Material provided:

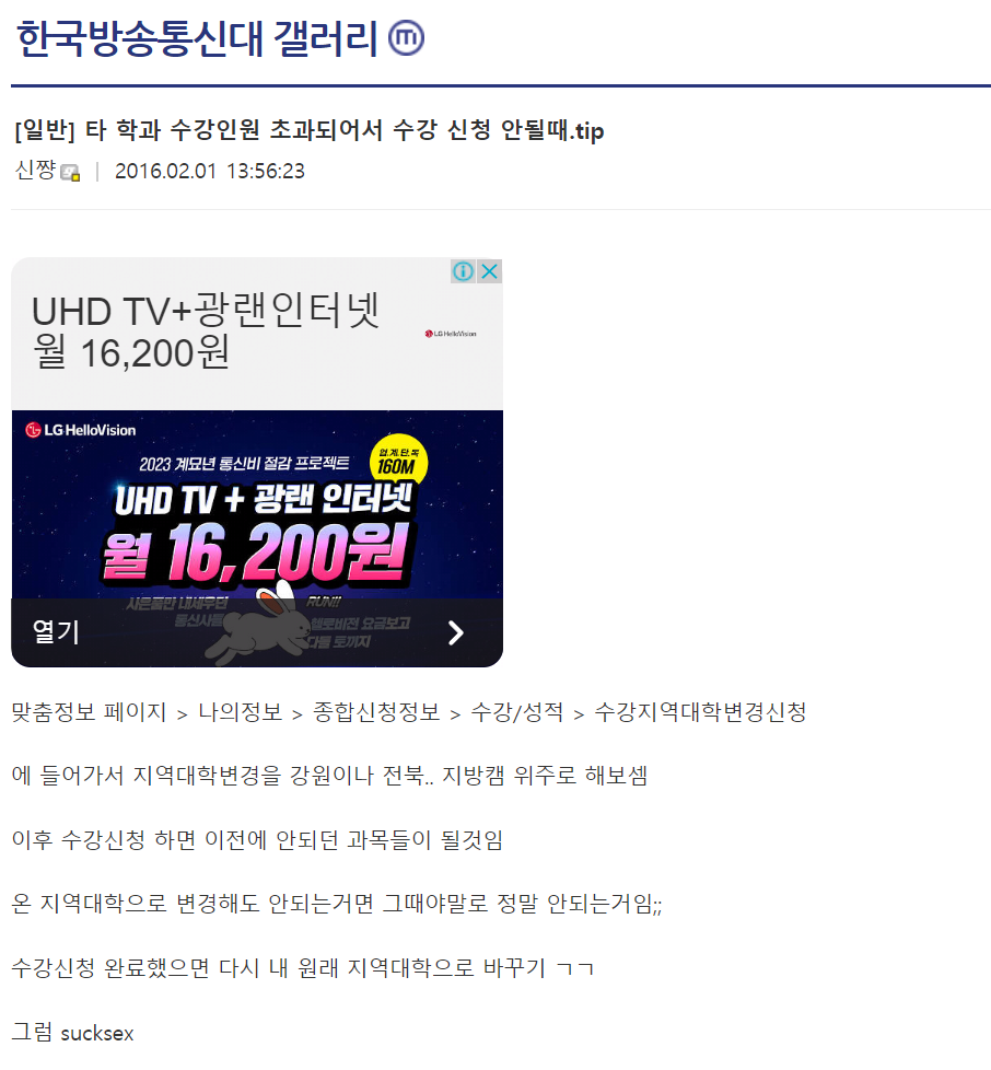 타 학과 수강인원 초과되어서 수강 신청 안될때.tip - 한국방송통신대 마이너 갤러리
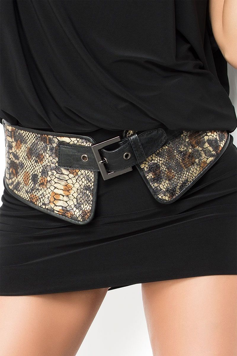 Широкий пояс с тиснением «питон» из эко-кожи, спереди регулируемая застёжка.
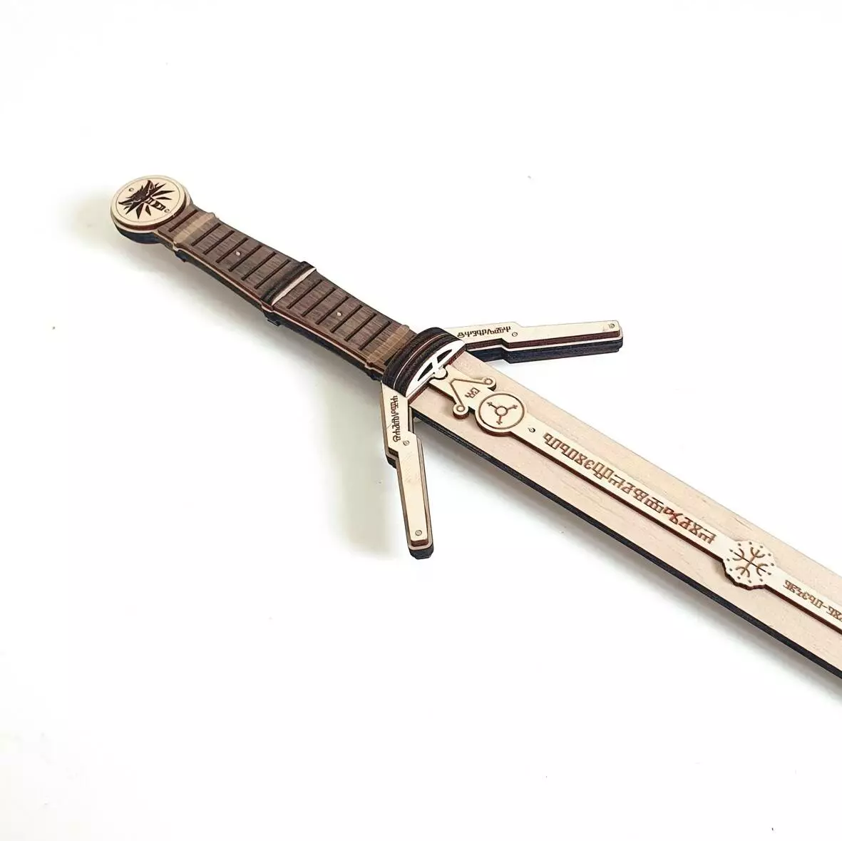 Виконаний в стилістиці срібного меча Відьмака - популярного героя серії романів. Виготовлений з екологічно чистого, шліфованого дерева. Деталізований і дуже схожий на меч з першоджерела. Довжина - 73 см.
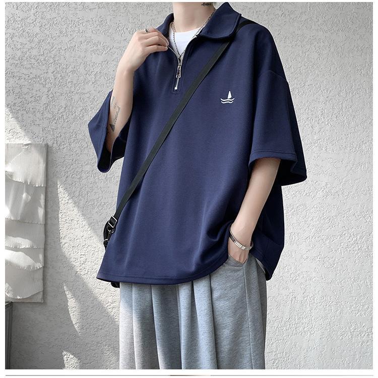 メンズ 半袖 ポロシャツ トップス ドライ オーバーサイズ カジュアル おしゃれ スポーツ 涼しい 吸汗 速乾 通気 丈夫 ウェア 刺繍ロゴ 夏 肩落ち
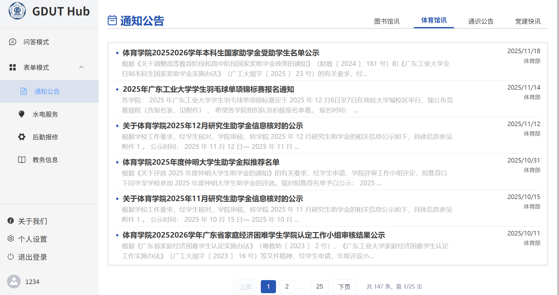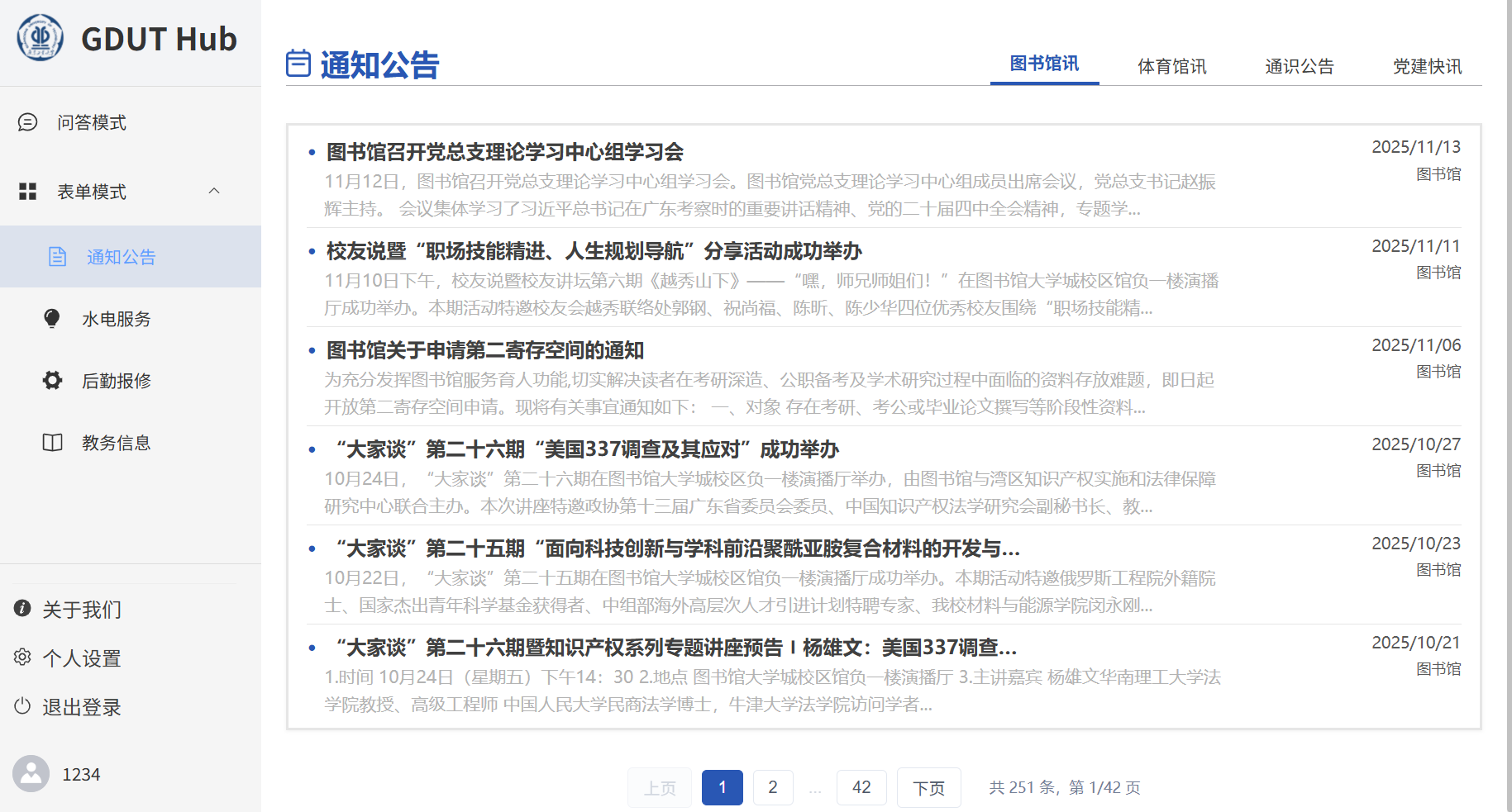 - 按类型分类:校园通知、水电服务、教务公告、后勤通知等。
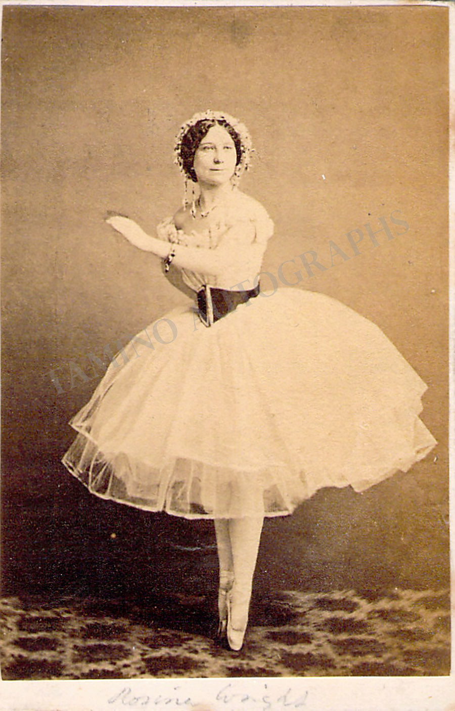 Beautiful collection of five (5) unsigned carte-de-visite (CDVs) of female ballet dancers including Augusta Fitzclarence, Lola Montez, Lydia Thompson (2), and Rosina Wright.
* * *
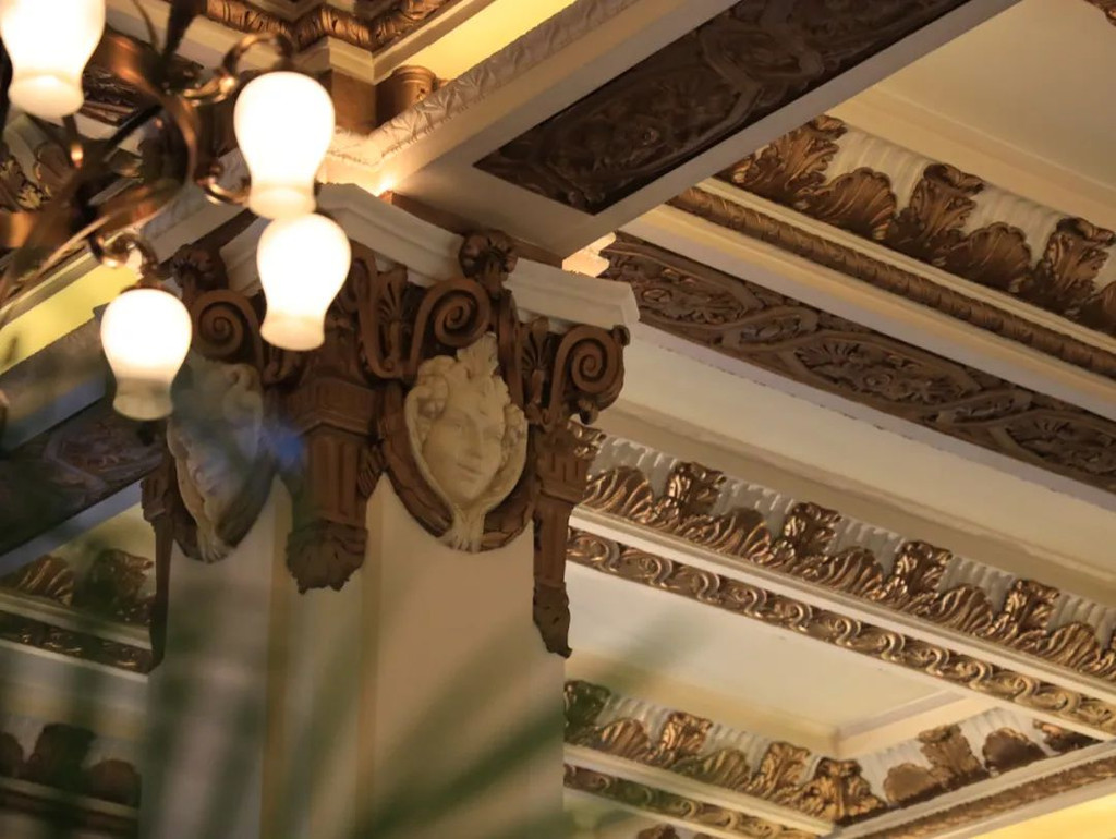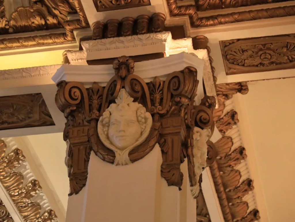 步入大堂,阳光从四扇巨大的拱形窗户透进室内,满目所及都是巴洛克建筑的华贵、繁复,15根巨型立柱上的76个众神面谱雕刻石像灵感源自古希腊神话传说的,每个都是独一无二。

Assigned task: Copy exactly, without pictures, the lines above from the one with "- 按类型分类:校园通知、水电服务、教务公告、后勤通知等。" down to the one with "Beautiful collection of", inclusive.

Answer section:
 - 按类型分类:校园通知、水电服务、教务公告、后勤通知等。
 Beautiful collection of five (5) unsigned carte-de-visite (CDVs) of female ballet dancers including Augusta Fitzclarence, Lola Montez, Lydia Thompson (2), and Rosina Wright.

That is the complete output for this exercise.